Horror fan convention

For the Love of Horror is a fan convention crossed with a haunted attraction held annually in Manchester, UK that celebrates the horror genre in various formats such as horror films, horror fiction, horror comics, horror video games, and horror cosplay which is organised by UK Events company Monopoly Events.

==History and organisation==
For the Love of Horror has been running since 2018 when Monopoly Events CEO Andy Kleek saw a gap in the market for an original horror-themed fan convention to run alongside the company's other already successful genre fan convention For the Love of Sci-Fi. Kleek liked the idea of haunted attractions, also known as scare attractions, which originally began in England in 1915 but which were made universally popular in America during the 1980s and 1990s, and wanted to combine something similar with a standard fan convention like the company's already well established For the Love of Sci-Fi science fiction themed convention held since 2015 in Bowlers Exhibition Centre in Manchester.

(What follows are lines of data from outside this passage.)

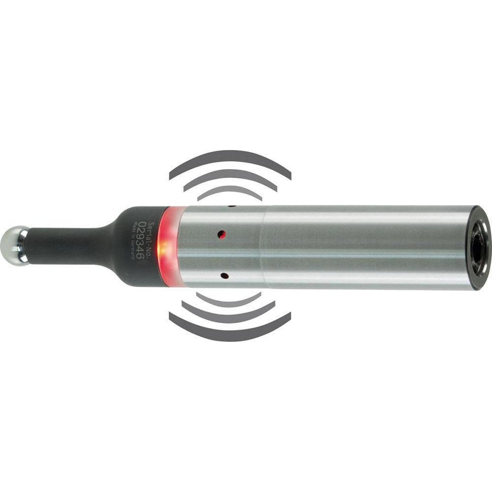 Edge finder with light display and acoustic signal Hardened and precision ground Bright red LED display When passing over the edge of the workpiece, the spring-supported ball retracts to avoid damage to the finder Preferably used with a stationary spindle For measuring on drilling and milling machines, machining centers, external and internal centering When touching the edge of the workpiece, a light signal and an acoustic signal are triggered Delivery: In plastic case, including batteries.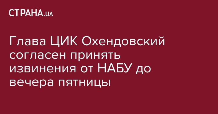 Глава ЦИК Охендовский согласен принять извинения от НАБУ до вечера пятницы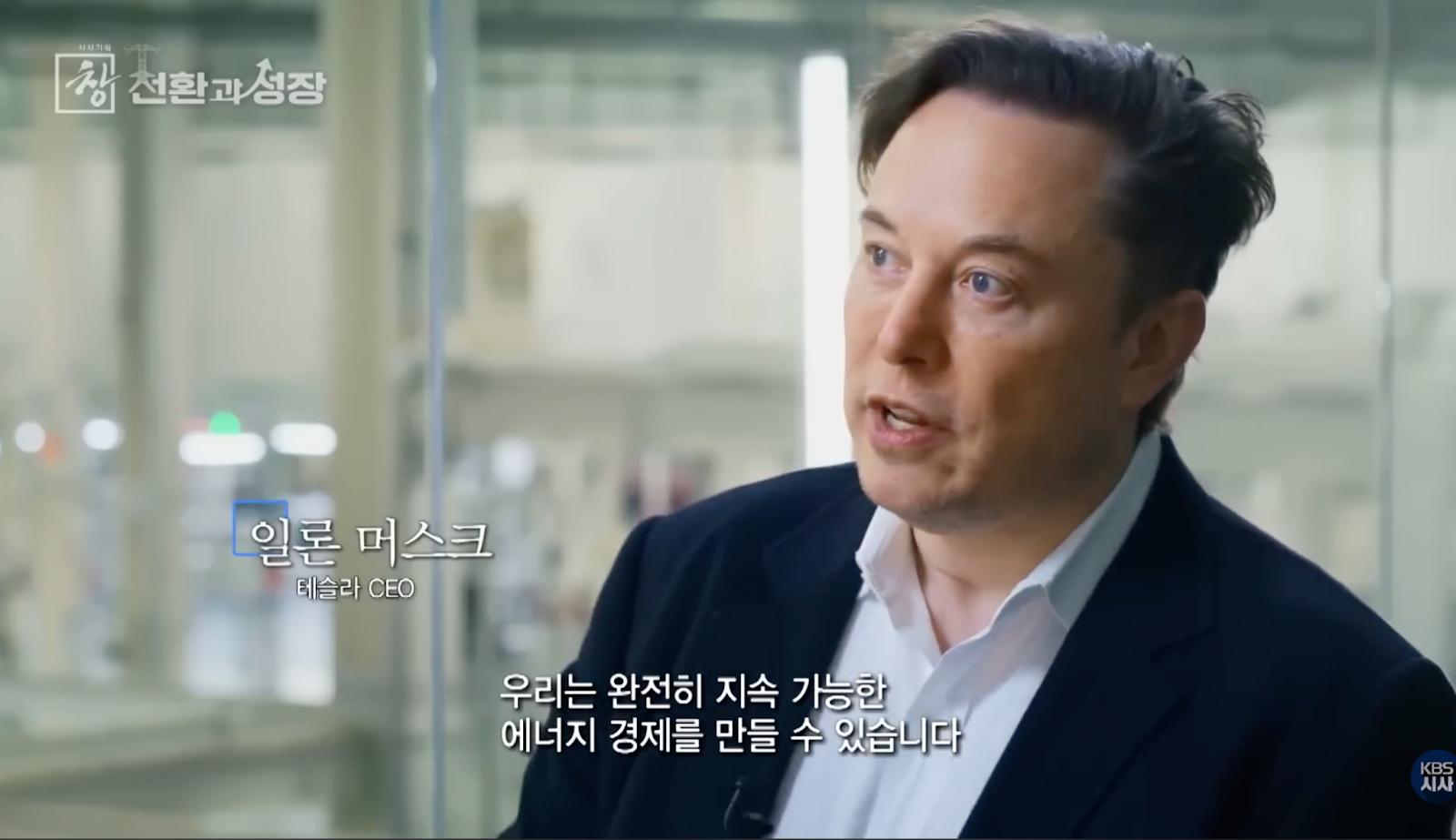 이미지 출처: Elon Musk: A future worth getting excited about | TED 머스크가 언급한 지속 가능한 에너지, 바로 재생에너지를 뜻하죠. 그는 핵심이 ‘세 가지’라고 말해요. - 태양광과 풍력 발전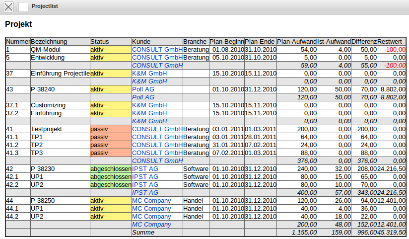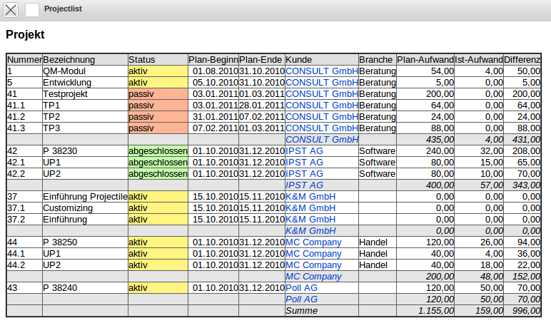 Alle Statusinformationen die den Wert “Live” beinhalten werden mit grüner Hintergrundfarbe umgesetzt (also alle Projekte die beendet sind).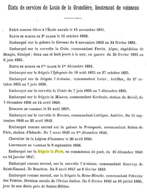 Enseigne de vaisseau le 21 août 1839; port Lorient.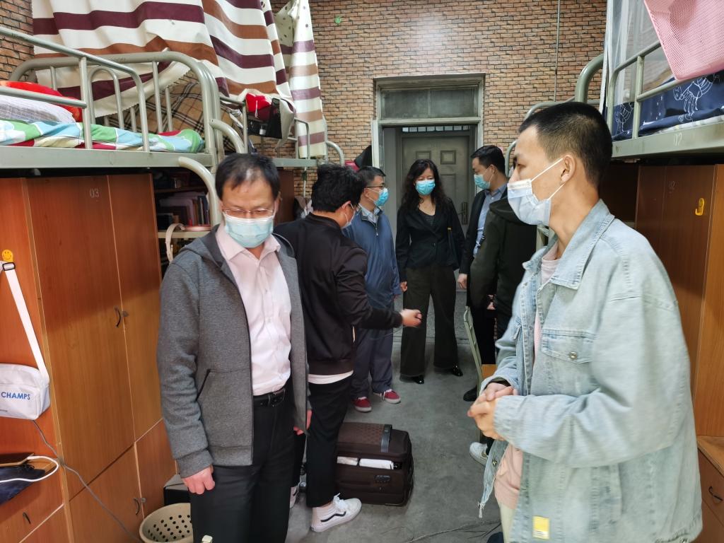为及时了解返校学生的思想动态和学习生活状况,增强战胜疫情信心,5月9日下午,学院党委书记李建学、执行院长张洛红、副院长常薇、党委副书记赖斌以及团总支书记贾天昱一行到临潼校区6号、8号学生公寓楼走访看望返校复学的毕业生,检查宿舍的卫生和安全状况。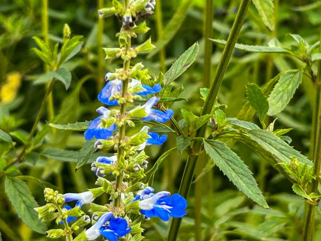 天蓝鼠尾草,又称沼生鼠尾草,是唇形科多年生植物。它开着蓝紫色到粉紫色的花,有香味,叶子有浓郁的香味。茎顶花序上出生6-10朵花非常漂亮。
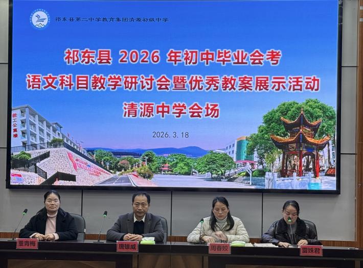 春启新程,研途芬芳。新学期刚开始,祁东县中学语文名师工作室就开始忙起来了。3月18日,在县教研室统筹组织下,祁东县中学语文名师工作室率先在清源中学成功举办了“2026年初中毕业会考语文科目教学研讨会暨优秀教案展示活动”。名师工作室主持人、祁东二中语文教师董青梅老师与工作室部分骨干教师走进全县初中语文教师代表之中,与他们共同探讨初中语文会考备考提质增效的良策。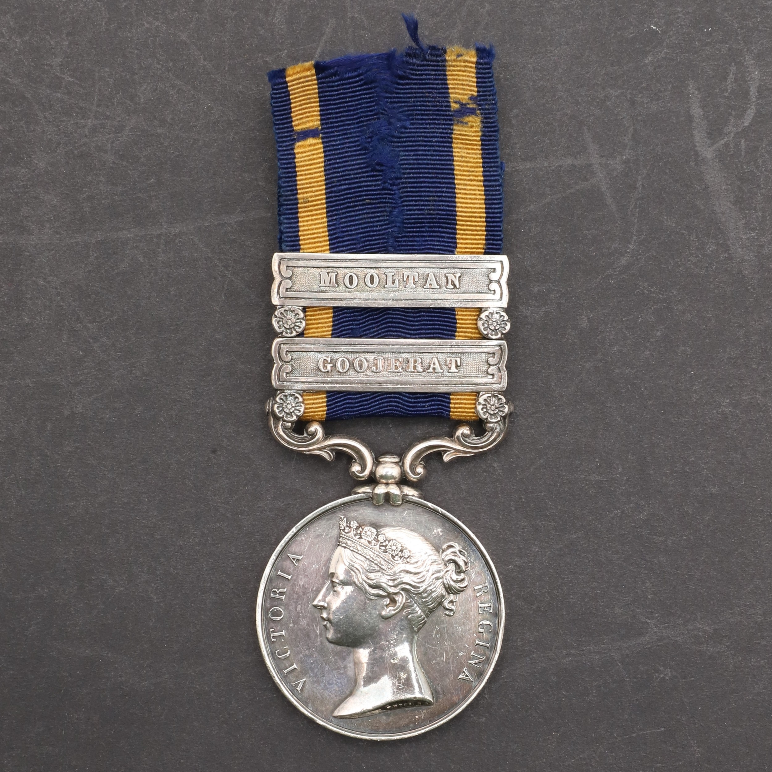 A PUNJAB MEDAL 1848-49 WITH GOOJERAT AND MOOLTAN CLASPS TO AN OFFICER WITH THE BENGAL NATIVE INFANTRY. A Punjab medal with Goojerat and Mooltan clasps named to Lieut Chas Fortunatus Grant 3rd Regt N.I. Charles Fortunatus Grant had a long and successful career in India, he began his service with the Honourable East India Company as an Ensign in 1837 rising to Lieutenant by 1841 and quartermaster and interpreter to his corps, Captain by 1853, Commandant of the Guzerat Cooley Police Corps, Major in 1862 and finally Lieutenant Colonel in 1867. He died in London in 1874. With copied Gazette extracts.

Monopoly Events is a Manchester-based event organization company that specializes in events held in the North West of England and Scotland. Along with the For the Love of Horror event, they are also responsible for organising Comic Con Liverpool, Comic Con Scotland, Comic Con Wales, For the Love of Wrestling, For the Love of Sci-Fi, For the Love of Wrestling, Comic Con Manchester, For the Love of MMA, Comic Con Northern Ireland and Comic Con Scotland Aberdeen with new events, Comic Con Northeast and Comic Con Yorkshire joining the fold in 2023 and plans for further expansion across the UK including into London in 2024.

The first For the Love of Horror event ran over two consecutive days in October 2018 and was well received by the public for a relatively unknown event, with approximately 5,000 visitors across the weekend. The event completely sold out for the reunion of the cast of The Lost Boys in 2019, and has since completely sold out in both 2022 and again in 2023.

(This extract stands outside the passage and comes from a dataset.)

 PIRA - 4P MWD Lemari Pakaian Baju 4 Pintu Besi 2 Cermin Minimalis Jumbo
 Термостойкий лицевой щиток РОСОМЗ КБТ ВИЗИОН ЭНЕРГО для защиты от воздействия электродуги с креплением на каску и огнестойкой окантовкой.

The convention consistently includes celebrity guest appearances from various horror films, television shows, horror video games including classic franchises such as Friday the 13th, Halloween, The Lost Boys, Candyman, Saw, Child's Play, The Walking Dead and others.

==Notable events==
House of 1000 Corpses actor Sid Haig was due to appear at the 2019 event, but passed away the month before on September 21, 2019, from Aspiration Pneumonitis triggered by Aspergillus Pneumonia at the age of 80. Haig was due to appear alongside fellow co-star Bill Moseley who still attended the event next to Haig's empty signing table, which was kept as a mark of respect for the actor. Fans were invited to visit Haig's table to sign a memorial book and encouraged to leave a donation (which was eventually given to Haig's wife) in exchange for an especially designed poster of the actor commissioned for the event. The event also observed a one-minute silence in honor of Haig during the event on both days at 12pm GMT which rendered the entire event silent.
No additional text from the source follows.